Missing Money: 880,000 pensions hit by Japan investment scandal
28 February, 2012
TOKYO —A growing scandal around an investment company that has lost $2.3 billion has affected pensions for up to 880,000 people, Japan’s government said Tuesday.
AIJ Investment Advisors has reportedly been lying to clients for years, boasting of annual returns of up to 240% while in fact 185 billion yen in pension investments has melted away.
The company’s operations were suspended last week and the government ordered a probe of 260 asset management firms nationwide after allegations that most of the money in its care had disappeared.
The scandal has shocked Japan, where a rapidly aging middle class population is increasingly looking to private pension funds, while the state retirement pot also struggles due to gross mismanagement of its own.
The government said Tuesday that the 185 billion yen was from 84 separate pension funds, and affected 540,000 employees who were saving for retirement, as well as more than 340,000 people already drawing their pensions.
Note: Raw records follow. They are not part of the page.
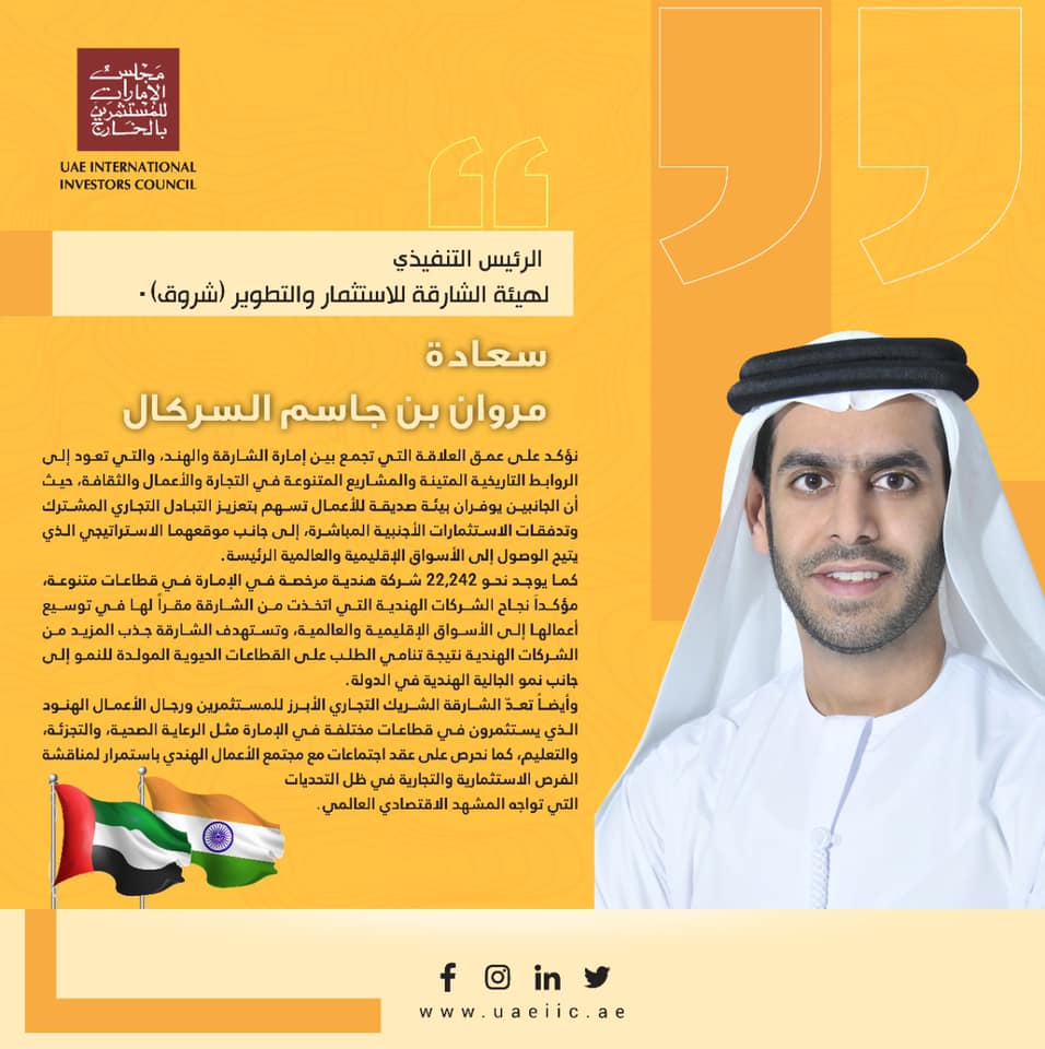 كما يوجد نحو 22,242 شركة هندية مرخصة في الإمارة في قطاعات متنوعة، مؤكداَ نجاح الشركات الهندية التي اتخذت من الشارقة مقراً لها في توسيع أعمالها إلى الأسواق الإقليمية والعالمية، وتستهدف الشارقة جذب المزيد من الشركات الهندية نتيجة تنامي الطلب على القطاعات الحيوية المولدة للنمو إلى جانب نمو الجالية الهندية في الدولة.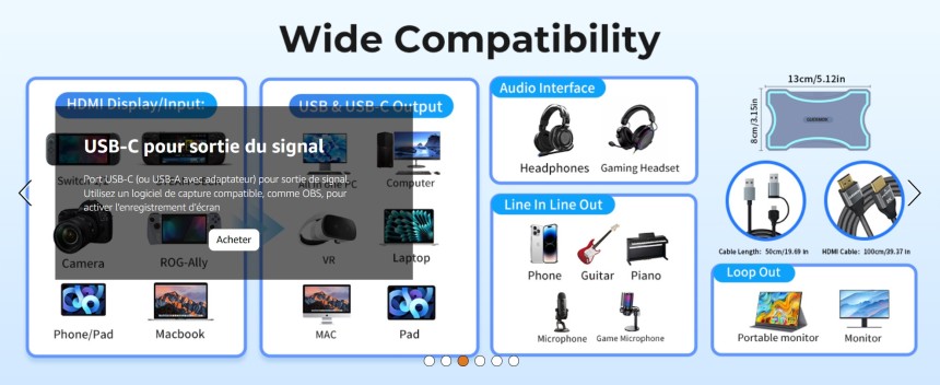 - ▶️ Sortie audio quadruple pour monitoring et partage : Offre quatre options de sortie audio simultanées : audio du périphérique de capture, passthrough HDMI, Audio Out et Speaker Out. Connectez facilement à la fois un casque et des enceintes pour un monitoring flexible ou une diffusion collective pendant le streaming ou l’enregistrement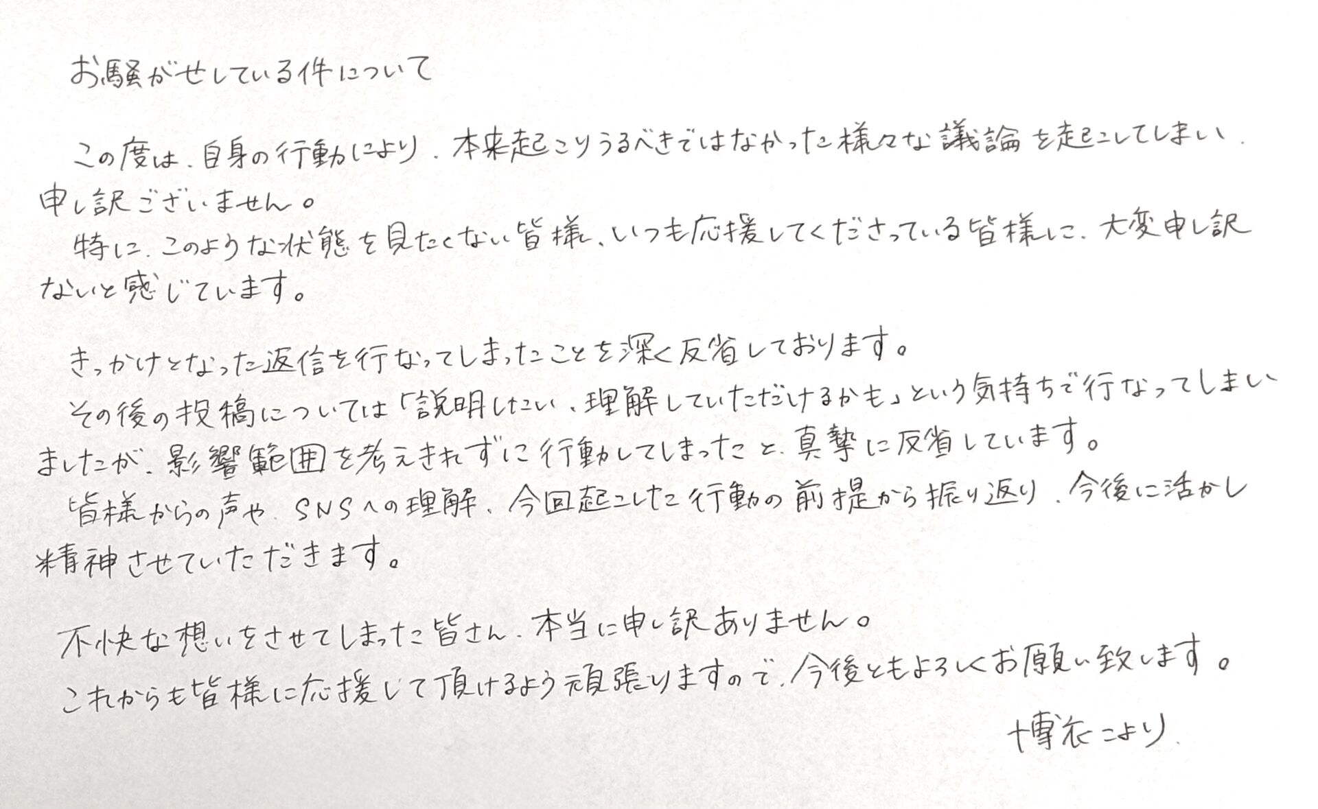 直筆謝罪文出すならこんな走り書きじゃなくて丁寧に書いた方が良いのにと思った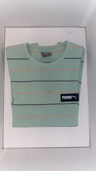 camiseta de rayas de la marca Puma. Es de color verde claro y tall m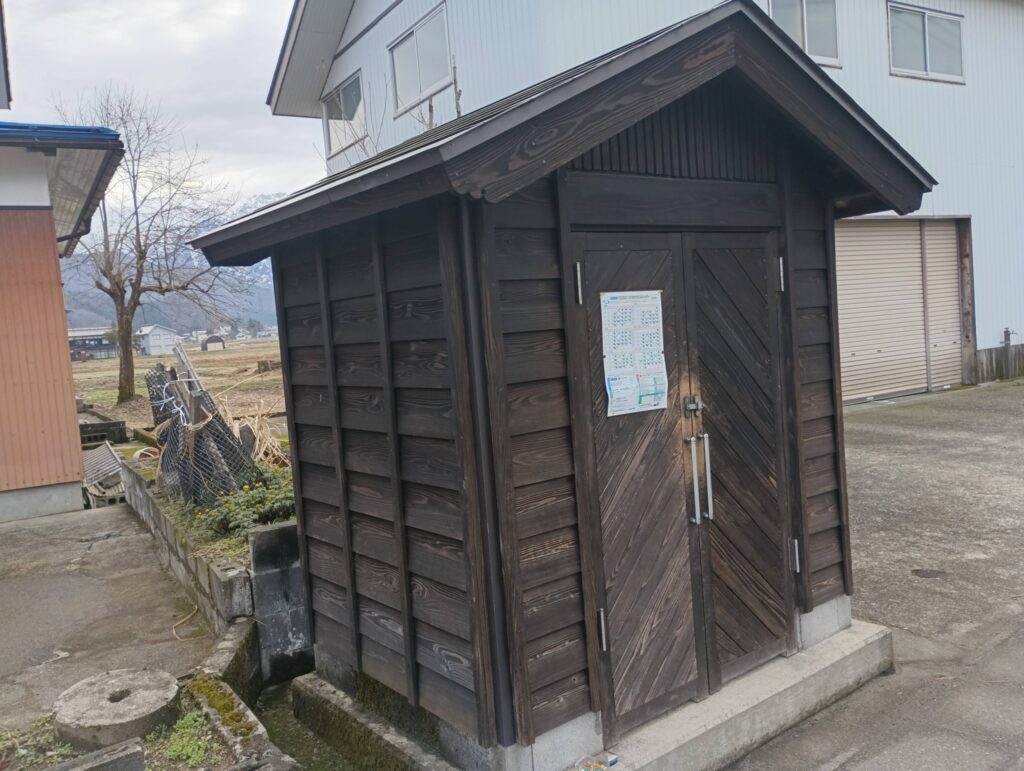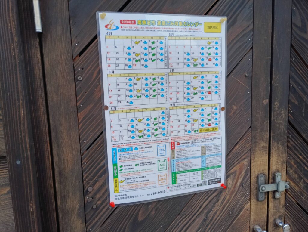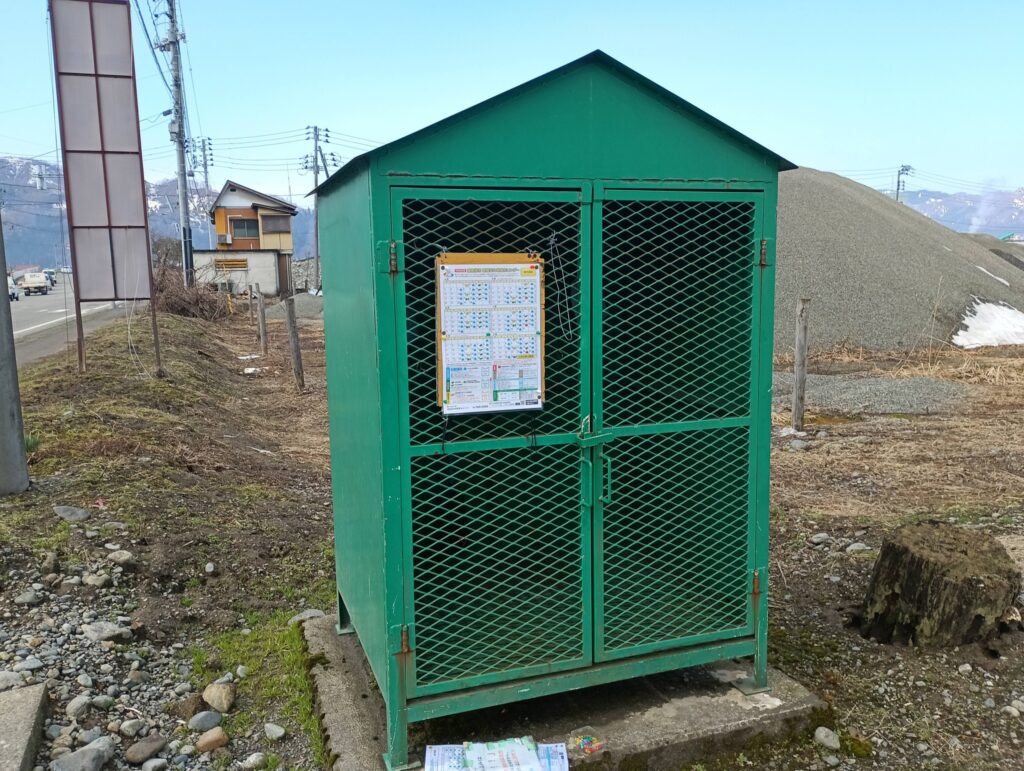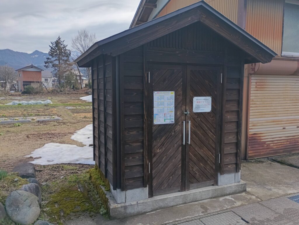 今朝はゴミステーションのカレンダーを先輩から雨雪に負けないラミネート加工をして頂き、4箇所の貼り替えでした。メイン通りは、村の景観に合わせて木製のシャレたステーション。。。何年か経つと防腐剤を塗ります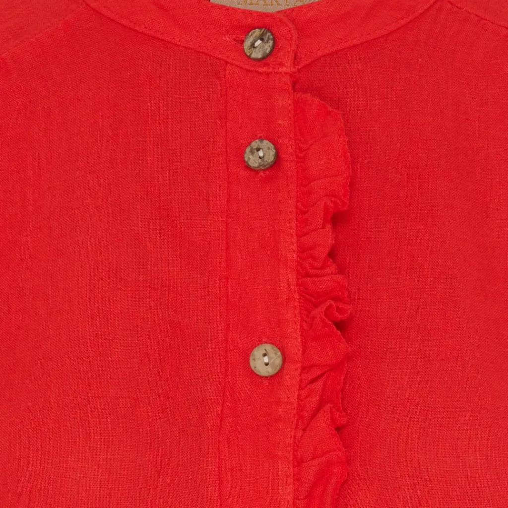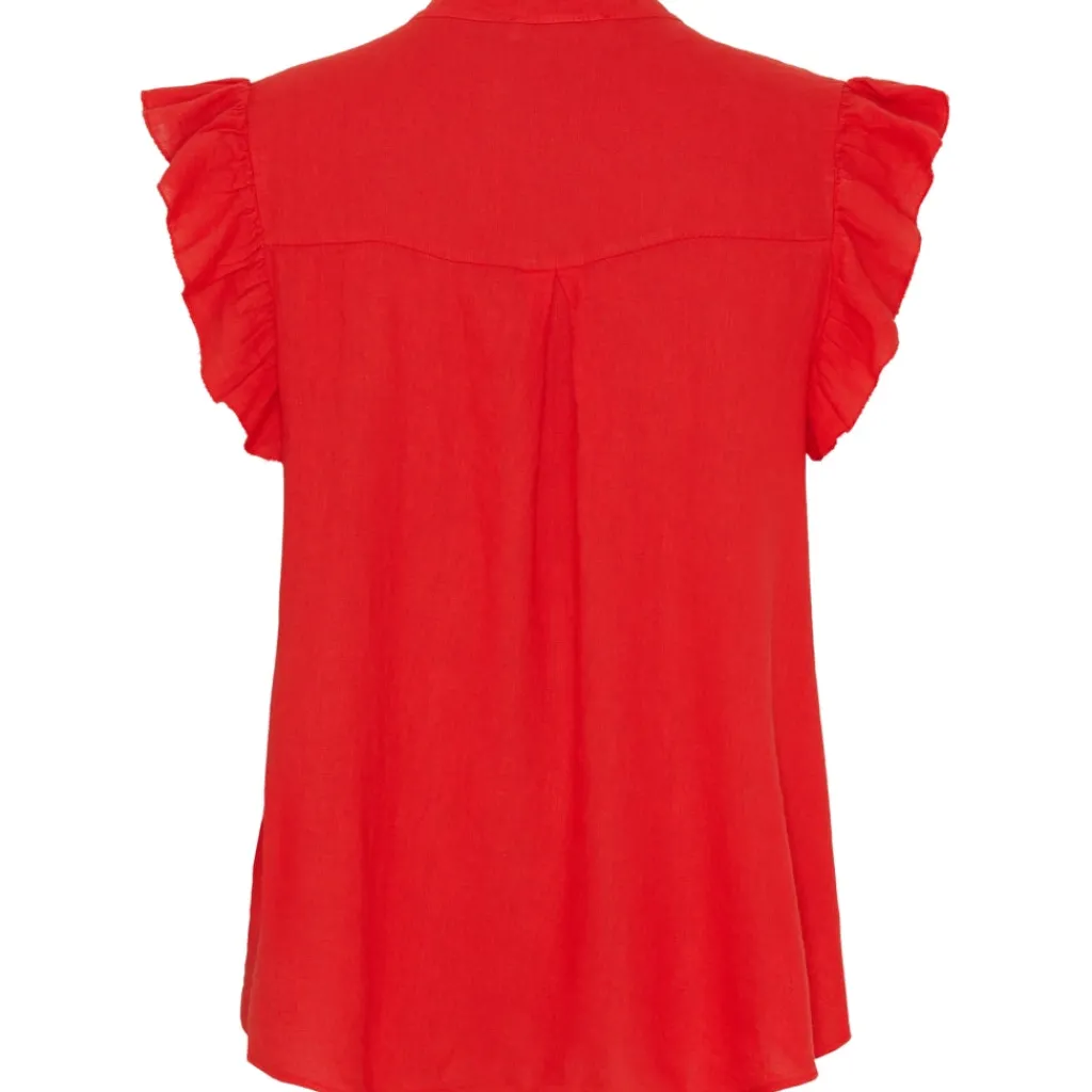 Sød top fra Marta med fin detalje med flæser ved armene. Toppen er i hør og viskose.

Most of the 84 funds entrusted fractions of their savings to AIJ, but 13 funds had a quarter of their investments exposed to AIJ, the health ministry said.
The company, which was set up in 1989, has consistently reported healthy returns on investments since the start of the last decade, but financial regulators now say the bulk of the money it looked after is gone.
It was not known whether the money was lost due to market turbulence or because the firm diverted it for other purposes.
The head of the Financial Services Agency (FSA), Shozaburo Jimi, said he had ordered investigations into the assets of 260 investment management firms.
“We will put all of our efforts in to clarify the facts of the AIJ case. We will get to the truth and draft ways to prevent similar incidents in the future,” he told a press conference.
Exact details of how much has been lost were not available as the FSA said it was unable to comment on an ongoing investigation.
The case, however, has further highlighted the gap between what the graying nation needs and its creaking public pension system, run by a government already saddled with debt worth double the nation’s GDP.
The state borrows money to finance roughly a half of its annual budget, amid dwindling tax income due to two decades of economic stagnation and a shrinking workforce caused by population decline.